* Problem to solve *
Write the data out again, character for character, with no images.

* The data *
= Beginning of Section =
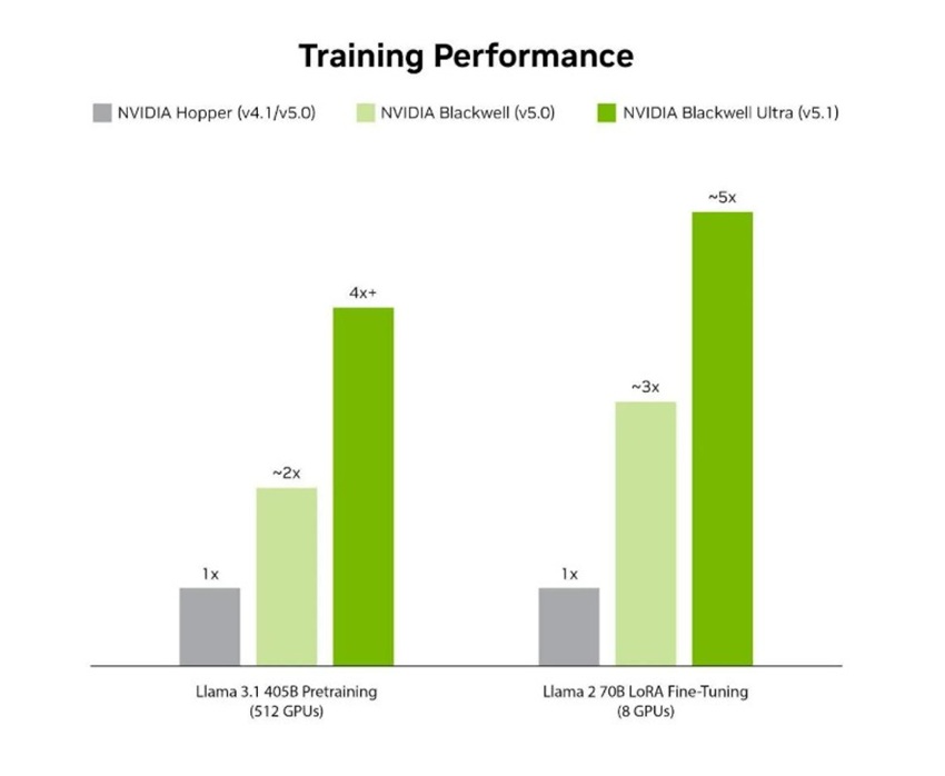 훈련 분야에서도 성과가 확인됐다. 최신 MLPerf Training 벤치마크에서 512개의 블랙웰 울트라 GPU로 구성된 엔비디아 GB300 NVL72 시스템은 NVFP4 정밀도를 활용해 라마 3.1 405B 사전훈련을 64.6분 만에 완료했다. 이는 FP8 기반 블랙웰 GPU 시스템 대비 최대 1.9배 빠른 기록이다고.
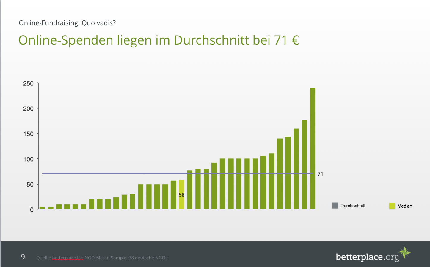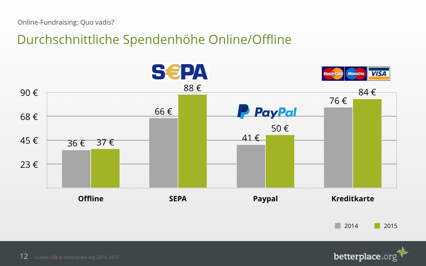 Die durchschnittliche Spendenhöhe unterscheidet sich zudem auch abhängig von der gewählten Zahlungsmethode. Auf betterplace.org beträgt die durchschnittliche Spende per Lastschrift 88 EUR während sie mit Paypal bei 50 EUR liegt.
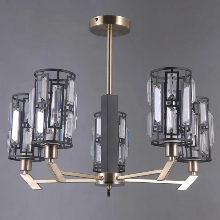 Подвесная конструкция люстры позволяет регулировать её высоту, что обеспечивает удобство при установке и адаптации к различным высотам потолков. Надежное крепление гарантирует стабильность и безопасность в эксплуатации.
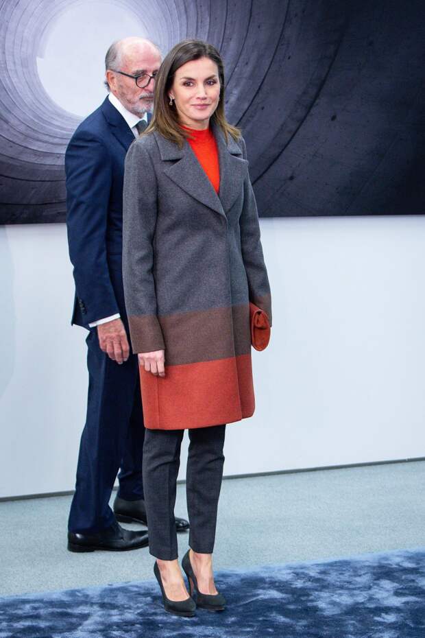 А, во-вторых, наша героиня наглядно показывает и подсказывает, как добавлять яркие оттенки и необычные акценты, не нарушая дресс-код.Вчерашний выход Летиции тоже стоит взять на заметку: королева Испании посетила мероприятие Фонда по борьбе с наркотиками в Мадриде в пальто Hugo Boss, состоящем из нескольких оттенков — в том числе, ультрамодном в следующем сезоне — коралловом. Цветовую гамму верхней одежды монаршая особа поддержала узкими серыми брюками, ярким трикотажным топом и замшевыми лодочками от любимого бренда Magrit.
= End of Section =
* Task answer *
 훈련 분야에서도 성과가 확인됐다. 최신 MLPerf Training 벤치마크에서 512개의 블랙웰 울트라 GPU로 구성된 엔비디아 GB300 NVL72 시스템은 NVFP4 정밀도를 활용해 라마 3.1 405B 사전훈련을 64.6분 만에 완료했다. 이는 FP8 기반 블랙웰 GPU 시스템 대비 최대 1.9배 빠른 기록이다고.
 Die durchschnittliche Spendenhöhe unterscheidet sich zudem auch abhängig von der gewählten Zahlungsmethode. Auf betterplace.org beträgt die durchschnittliche Spende per Lastschrift 88 EUR während sie mit Paypal bei 50 EUR liegt.
 Подвесная конструкция люстры позволяет регулировать её высоту, что обеспечивает удобство при установке и адаптации к различным высотам потолков. Надежное крепление гарантирует стабильность и безопасность в эксплуатации.
 А, во-вторых, наша героиня наглядно показывает и подсказывает, как добавлять яркие оттенки и необычные акценты, не нарушая дресс-код.Вчерашний выход Летиции тоже стоит взять на заметку: королева Испании посетила мероприятие Фонда по борьбе с наркотиками в Мадриде в пальто Hugo Boss, состоящем из нескольких оттенков — в том числе, ультрамодном в следующем сезоне — коралловом. Цветовую гамму верхней одежды монаршая особа поддержала узкими серыми брюками, ярким трикотажным топом и замшевыми лодочками от любимого бренда Magrit.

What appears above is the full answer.